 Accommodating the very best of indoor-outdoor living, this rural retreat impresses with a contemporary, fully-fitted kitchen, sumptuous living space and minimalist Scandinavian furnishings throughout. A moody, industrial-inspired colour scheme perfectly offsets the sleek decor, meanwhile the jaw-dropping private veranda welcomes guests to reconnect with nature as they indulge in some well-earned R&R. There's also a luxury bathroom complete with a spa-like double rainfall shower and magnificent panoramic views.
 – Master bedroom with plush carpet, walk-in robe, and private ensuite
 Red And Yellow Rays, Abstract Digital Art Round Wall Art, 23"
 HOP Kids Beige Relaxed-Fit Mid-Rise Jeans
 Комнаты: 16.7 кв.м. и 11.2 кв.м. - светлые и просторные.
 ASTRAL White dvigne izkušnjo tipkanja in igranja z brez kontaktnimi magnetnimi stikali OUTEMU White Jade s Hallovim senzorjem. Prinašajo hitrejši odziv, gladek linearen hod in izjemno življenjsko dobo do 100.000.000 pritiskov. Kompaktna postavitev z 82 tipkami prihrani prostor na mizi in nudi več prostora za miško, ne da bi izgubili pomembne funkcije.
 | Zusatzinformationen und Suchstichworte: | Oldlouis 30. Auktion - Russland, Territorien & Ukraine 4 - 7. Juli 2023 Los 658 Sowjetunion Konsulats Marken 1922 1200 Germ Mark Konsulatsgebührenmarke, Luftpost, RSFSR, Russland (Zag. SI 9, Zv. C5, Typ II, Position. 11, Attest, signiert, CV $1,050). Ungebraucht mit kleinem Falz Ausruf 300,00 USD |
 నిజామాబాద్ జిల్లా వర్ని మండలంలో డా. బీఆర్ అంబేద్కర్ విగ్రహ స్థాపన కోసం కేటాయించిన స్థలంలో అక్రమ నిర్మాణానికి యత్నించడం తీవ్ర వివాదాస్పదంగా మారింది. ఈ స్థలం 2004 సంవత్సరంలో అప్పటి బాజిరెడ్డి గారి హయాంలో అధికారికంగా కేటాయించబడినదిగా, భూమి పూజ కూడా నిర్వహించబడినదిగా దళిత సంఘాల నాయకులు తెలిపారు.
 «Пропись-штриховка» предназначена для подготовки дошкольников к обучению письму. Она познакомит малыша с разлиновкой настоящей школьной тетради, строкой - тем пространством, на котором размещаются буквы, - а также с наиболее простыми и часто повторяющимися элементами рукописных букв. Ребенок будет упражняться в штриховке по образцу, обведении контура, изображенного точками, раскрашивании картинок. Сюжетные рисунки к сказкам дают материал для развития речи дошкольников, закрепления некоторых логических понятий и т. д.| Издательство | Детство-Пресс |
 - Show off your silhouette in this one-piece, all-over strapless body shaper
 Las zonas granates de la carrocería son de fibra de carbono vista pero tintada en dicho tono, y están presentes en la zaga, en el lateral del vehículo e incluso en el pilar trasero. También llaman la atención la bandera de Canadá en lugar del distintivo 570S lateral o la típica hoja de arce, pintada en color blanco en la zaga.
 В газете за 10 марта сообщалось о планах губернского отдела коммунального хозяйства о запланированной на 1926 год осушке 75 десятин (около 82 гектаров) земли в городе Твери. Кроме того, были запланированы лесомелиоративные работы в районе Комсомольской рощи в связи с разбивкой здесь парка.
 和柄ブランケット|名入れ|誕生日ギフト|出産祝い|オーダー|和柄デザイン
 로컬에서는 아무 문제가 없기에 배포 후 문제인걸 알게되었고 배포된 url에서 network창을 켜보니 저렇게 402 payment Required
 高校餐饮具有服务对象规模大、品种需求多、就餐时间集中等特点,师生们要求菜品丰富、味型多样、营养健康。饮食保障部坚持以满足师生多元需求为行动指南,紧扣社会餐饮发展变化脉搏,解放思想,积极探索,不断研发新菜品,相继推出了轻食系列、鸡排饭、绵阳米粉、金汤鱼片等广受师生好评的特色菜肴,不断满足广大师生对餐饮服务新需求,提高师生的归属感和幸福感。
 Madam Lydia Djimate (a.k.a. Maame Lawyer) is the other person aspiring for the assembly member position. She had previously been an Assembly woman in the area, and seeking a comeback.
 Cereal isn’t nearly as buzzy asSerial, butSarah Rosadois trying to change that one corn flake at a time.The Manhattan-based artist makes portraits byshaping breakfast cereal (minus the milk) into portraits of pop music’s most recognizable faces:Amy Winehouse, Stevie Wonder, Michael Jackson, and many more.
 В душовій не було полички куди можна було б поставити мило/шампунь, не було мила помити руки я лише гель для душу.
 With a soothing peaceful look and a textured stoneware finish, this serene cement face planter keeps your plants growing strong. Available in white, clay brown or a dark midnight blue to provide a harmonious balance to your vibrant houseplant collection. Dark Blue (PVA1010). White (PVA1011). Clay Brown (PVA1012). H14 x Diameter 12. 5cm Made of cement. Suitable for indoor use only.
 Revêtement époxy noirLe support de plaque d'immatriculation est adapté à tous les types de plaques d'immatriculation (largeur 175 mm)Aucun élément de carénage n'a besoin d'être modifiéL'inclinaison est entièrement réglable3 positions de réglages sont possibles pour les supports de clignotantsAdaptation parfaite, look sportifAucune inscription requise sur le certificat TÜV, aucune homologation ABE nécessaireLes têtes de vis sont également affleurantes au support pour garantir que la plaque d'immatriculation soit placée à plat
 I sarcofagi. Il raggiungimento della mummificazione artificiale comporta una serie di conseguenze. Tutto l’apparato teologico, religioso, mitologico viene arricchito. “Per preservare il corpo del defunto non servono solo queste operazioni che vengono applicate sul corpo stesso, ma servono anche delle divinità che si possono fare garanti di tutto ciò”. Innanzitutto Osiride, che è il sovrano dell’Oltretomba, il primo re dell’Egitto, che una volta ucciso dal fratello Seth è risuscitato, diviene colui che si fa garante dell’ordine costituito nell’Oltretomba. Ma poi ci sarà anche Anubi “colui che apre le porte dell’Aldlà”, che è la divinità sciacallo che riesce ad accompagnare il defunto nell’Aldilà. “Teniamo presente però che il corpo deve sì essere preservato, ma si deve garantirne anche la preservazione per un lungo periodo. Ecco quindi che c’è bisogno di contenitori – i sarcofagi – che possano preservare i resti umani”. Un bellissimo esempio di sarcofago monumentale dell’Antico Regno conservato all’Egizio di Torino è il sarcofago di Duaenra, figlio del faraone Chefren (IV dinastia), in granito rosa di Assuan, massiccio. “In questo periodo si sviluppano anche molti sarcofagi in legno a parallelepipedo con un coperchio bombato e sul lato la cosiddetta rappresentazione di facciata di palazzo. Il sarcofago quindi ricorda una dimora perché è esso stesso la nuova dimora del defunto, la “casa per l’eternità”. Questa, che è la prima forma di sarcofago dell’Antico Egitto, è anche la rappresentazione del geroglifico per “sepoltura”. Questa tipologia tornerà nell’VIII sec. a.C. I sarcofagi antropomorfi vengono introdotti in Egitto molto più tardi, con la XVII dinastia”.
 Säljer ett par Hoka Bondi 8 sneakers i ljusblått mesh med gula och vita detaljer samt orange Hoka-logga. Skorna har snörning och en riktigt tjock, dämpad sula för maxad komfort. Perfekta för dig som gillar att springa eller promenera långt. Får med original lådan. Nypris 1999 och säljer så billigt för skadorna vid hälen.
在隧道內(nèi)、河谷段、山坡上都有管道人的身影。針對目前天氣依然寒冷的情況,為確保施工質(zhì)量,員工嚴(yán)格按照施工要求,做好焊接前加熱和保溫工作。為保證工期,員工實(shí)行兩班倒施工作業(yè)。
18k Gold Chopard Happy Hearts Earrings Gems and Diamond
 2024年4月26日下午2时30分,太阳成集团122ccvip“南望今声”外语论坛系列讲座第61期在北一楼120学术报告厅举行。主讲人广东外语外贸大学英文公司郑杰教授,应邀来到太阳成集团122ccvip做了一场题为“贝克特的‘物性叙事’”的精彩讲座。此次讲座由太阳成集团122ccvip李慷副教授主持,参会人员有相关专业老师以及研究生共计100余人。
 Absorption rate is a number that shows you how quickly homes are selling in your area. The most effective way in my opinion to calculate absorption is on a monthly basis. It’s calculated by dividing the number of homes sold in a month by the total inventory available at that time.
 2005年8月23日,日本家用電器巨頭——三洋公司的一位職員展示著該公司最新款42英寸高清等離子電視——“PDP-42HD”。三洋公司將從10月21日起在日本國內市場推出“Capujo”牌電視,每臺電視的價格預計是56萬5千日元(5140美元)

Try it
Give back exactly the lines of the listing above that run from the line with "Madam Lydia Djimate" to the line with "Cereal isn’t nearly", inclusive.

Solution to the problem
 Madam Lydia Djimate (a.k.a. Maame Lawyer) is the other person aspiring for the assembly member position. She had previously been an Assembly woman in the area, and seeking a comeback.
 Cereal isn’t nearly as buzzy asSerial, butSarah Rosadois trying to change that one corn flake at a time.The Manhattan-based artist makes portraits byshaping breakfast cereal (minus the milk) into portraits of pop music’s most recognizable faces:Amy Winehouse, Stevie Wonder, Michael Jackson, and many more.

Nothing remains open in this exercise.